Cuanto más cerca estamos de las elecciones de octubre, más se acentúa el nuevo clima de época que empieza a sentirse en el país. Los distintos actores sociales se manifiestan explícita y fácticamente sobre el nuevo Gobierno del Frente de Todos. Pareciera que quienes formaron parte de la alianza de poder de derecha que aún gobierna el país, quieren acomodarse a las nuevas circunstancias. Hacen buena letra antes que Alberto Fernández haya asumido. “Tuve un baño de peronismo”, graficó Miguel Acevedo, el presidente de la poderosa Unión Industrial Argentina (UIA), entidad que no se caracteriza por defender los intereses de las PyMEs, y menos aún de los sectores populares. Y como si fuese poco, dejó plantado al presidente Mauricio Macri en una reunión que había organizado la propia UIA; cuando el Presidente debía hablar, Acevedo se fue.

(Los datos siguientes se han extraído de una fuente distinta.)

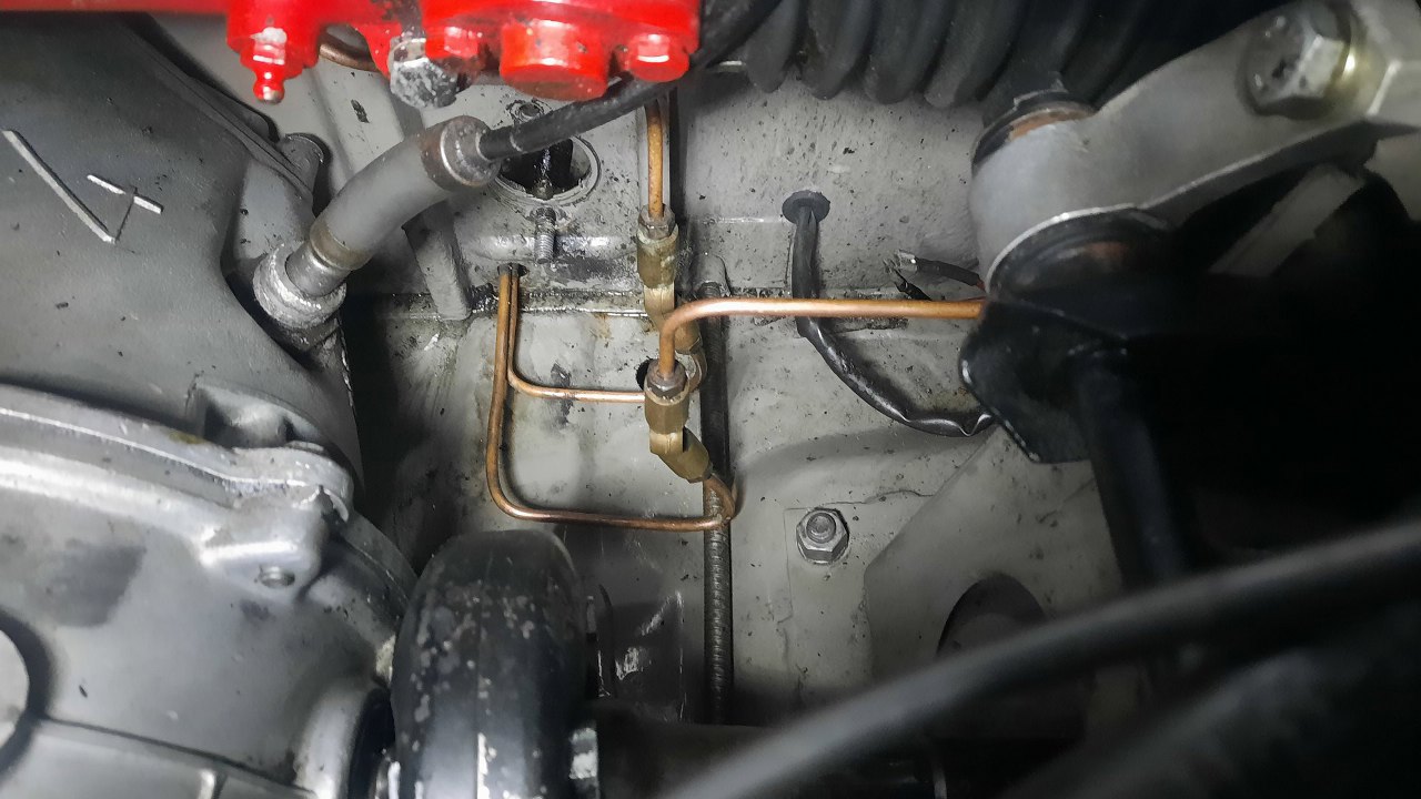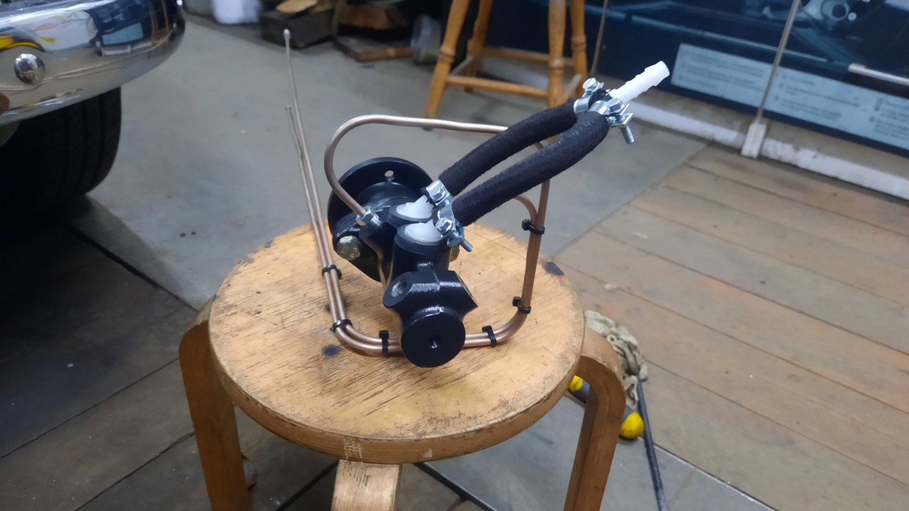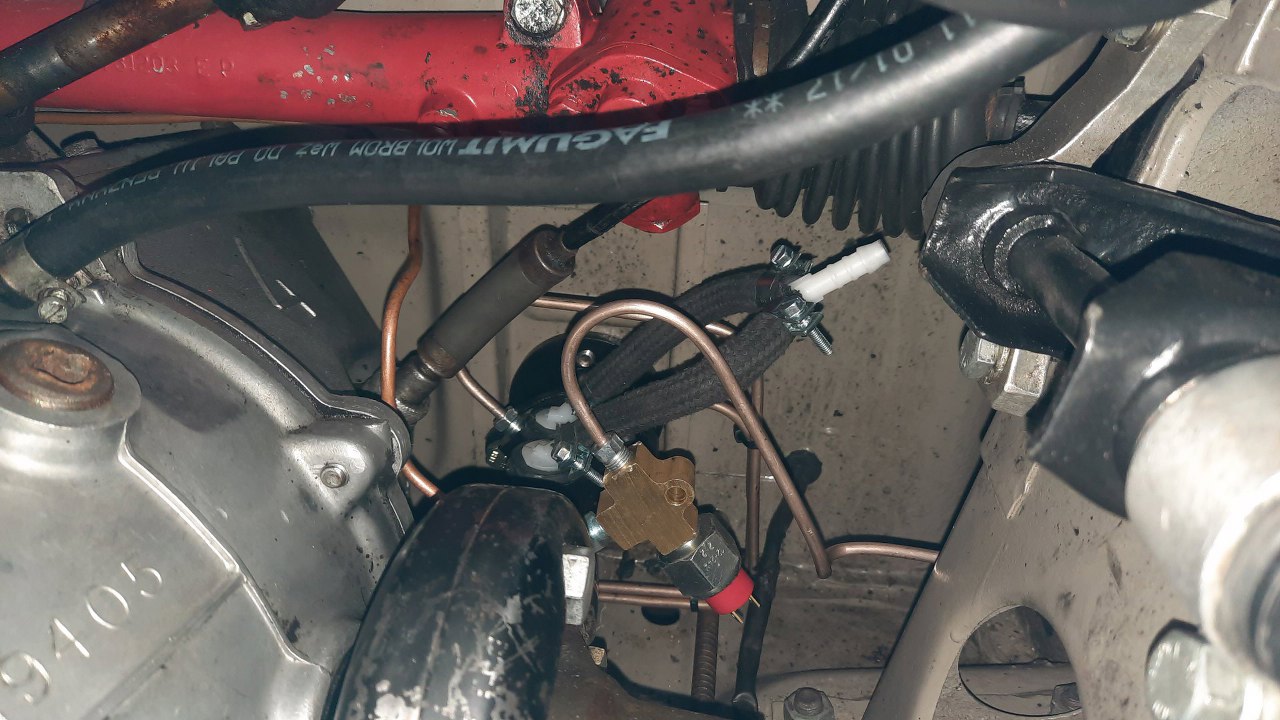Zacząłem od rzeczy najprostszej - zasilania płynem hamulcowym. Do trójnika podepnę oryginalną, skróconą nieco rurkę idącą od zbiorniczka.

Alberto Fernández organiza verdaderas reuniones de trabajo que, a la vez, funcionan como grandes actos de campaña originales, en tanto lo posicionan como un Presidente con poder, frente a la cada vez más deshilachada figura de otro, ya vaciado de poder. Por eso los grandes empresarios que hasta hace dos meses pedían a gritos echar trabajadores sin indemnización, hoy reciben a Alberto en la sede de la UIA, como el oficialista CEO de FIAT, Cristiano Ratazzi. «No es tan grave», decía sobre la suspensión de trabajadores y la reducción de salarios generada por la política de Macri, que consideraba que “es la mejor de los últimos 70 años”. En cambio, el mensaje de Acevedo, el presidente de la UIA, ahora está alineado con el Frente de Todos: “Creemos que Alberto Fernández va a tener una mirada más productiva. Hay que apuntar a recuperar el consumo y la actividad. Después, pensar una estrategia productiva: créditos, reintegros, tasa estadística y una agenda más de largo plazo”. Primero recuperar el consumo y la actividad, después darse una estrategia productiva; increíble. Por si quedaban dudas del alineamiento institucional, aclaró: “No sé si Macri viene a la UIA, qué tipo de empatía podrá hacer con nosotros después de cuatro años. Fernández claramente es un candidato que se presta a escuchar. Es muy empático”.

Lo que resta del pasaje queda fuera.